Federated data infrastructure
A data infrastructure in which data, services, and access controls remain distributed across multiple independent nodes (typically operated by different organisations) but are made discoverable, queryable, and usable as a unified resource through shared protocols, vocabularies, and identity-federation.
Data warehouse
A central repository of structured data, integrated from multiple operational sources, modelled for analytical querying (typically with a star or snowflake schema), and optimised for read-heavy workloads supporting reporting and decision-making.
Data lake
A storage repository that holds large volumes of structured, semi-structured, and unstructured data in their native formats, deferring schema-on-write requirements so that data can be ingested cheaply and only structured at the time of read or analysis.
Data commons
A shared data resource — often combined with shared computing and analysis tools — governed by a community under defined access and contribution rules, designed to enable many users to use and add to the resource for collective benefit.
Data trust
A legal and organisational structure in which a fiduciary intermediary holds, governs, and brokers access to a body of data on behalf of its contributors and beneficiaries, applying agreed terms of access, use, and accountability.

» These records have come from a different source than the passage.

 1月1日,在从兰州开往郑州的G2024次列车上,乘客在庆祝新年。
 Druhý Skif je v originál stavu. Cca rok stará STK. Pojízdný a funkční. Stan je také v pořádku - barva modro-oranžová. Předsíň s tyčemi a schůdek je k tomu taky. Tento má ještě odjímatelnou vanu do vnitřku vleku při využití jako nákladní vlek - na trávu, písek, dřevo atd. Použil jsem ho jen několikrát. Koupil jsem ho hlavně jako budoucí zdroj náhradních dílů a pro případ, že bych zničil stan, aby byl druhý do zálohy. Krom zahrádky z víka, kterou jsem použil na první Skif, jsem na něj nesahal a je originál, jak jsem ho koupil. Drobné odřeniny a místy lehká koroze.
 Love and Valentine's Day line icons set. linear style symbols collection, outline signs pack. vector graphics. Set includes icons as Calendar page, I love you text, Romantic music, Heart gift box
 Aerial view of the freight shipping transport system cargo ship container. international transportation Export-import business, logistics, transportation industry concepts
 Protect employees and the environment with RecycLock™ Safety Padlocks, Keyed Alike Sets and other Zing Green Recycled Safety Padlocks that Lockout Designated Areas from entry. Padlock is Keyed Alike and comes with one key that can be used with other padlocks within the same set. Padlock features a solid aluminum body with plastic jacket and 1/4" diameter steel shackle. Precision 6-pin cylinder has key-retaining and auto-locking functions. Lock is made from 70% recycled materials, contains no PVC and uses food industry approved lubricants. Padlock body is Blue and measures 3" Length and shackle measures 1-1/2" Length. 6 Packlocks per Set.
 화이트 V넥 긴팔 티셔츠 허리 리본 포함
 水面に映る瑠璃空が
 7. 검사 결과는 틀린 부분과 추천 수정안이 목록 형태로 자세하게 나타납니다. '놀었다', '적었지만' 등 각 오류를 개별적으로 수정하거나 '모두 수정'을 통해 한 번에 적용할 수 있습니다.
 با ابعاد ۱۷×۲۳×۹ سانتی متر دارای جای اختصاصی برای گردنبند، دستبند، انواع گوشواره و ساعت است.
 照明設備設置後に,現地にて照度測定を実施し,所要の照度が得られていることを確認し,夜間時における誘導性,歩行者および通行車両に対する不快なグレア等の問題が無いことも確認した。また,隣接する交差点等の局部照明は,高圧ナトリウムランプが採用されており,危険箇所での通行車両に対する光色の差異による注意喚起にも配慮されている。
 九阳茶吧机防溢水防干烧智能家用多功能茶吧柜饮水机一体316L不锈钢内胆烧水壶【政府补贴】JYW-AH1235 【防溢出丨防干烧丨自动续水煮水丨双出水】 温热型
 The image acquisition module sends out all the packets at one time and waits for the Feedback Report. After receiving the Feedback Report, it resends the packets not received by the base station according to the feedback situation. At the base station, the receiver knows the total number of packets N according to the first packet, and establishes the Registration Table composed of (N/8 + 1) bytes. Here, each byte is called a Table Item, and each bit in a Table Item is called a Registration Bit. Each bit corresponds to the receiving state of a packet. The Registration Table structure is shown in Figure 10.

World Data System certification
Historic certification programme of ICSU's World Data System (WDS) under which scientific data centres in geosciences and related fields were certified as trustworthy; merged with the Data Seal of Approval in 2017 to form CoreTrustSeal.
CoreTrustSeal
A community-based, non-profit certification scheme for trustworthy data repositories, operated by the CoreTrustSeal Foundation, awarded against 16 published requirements covering organisational infrastructure, digital object management, and technical infrastructure.
Trusted digital repository
A digital repository whose mission, governance, technical infrastructure, and procedures have been independently assessed against a recognised standard (e.g. CoreTrustSeal, nestor seal, ISO 16363) and judged trustworthy to preserve digital content over the long term.
Subject repository
A repository the contents of which are connected purely by their discipline, rather than by other factors such as their institutional affiliation (see Institutional Repository)
Researcher webpage
A webpage featuring a researcher's profile, which possibly may also provide links to their publications.
Repository
Repositories preserve, manage, and provide access to many types of digital materials in a variety of formats.
Open archive
A repository that is compliant with the Open Archives Initiative Protocol for Metadata Harvesting (OAI-PMH) and therefore facilitates the sharing of metadata for a variety of purposes, most notably the compilation tasks performed by aggregator databases.
Institutional webpage
A webpage that is associated with the institution at which the author is employed.
Institutional repository
An online, digital collection of research outputs (see Repository) that are connected by their affiliation with a specific institution. Institutional repositories are most commonly associated with universities and other academic organisations, and so the contents of a single institutional repository may therefore cover a range of disciplines. An institutional repository may often be managed as part of a wider suite of services supporting scholarly communication, Open Access and Open Education.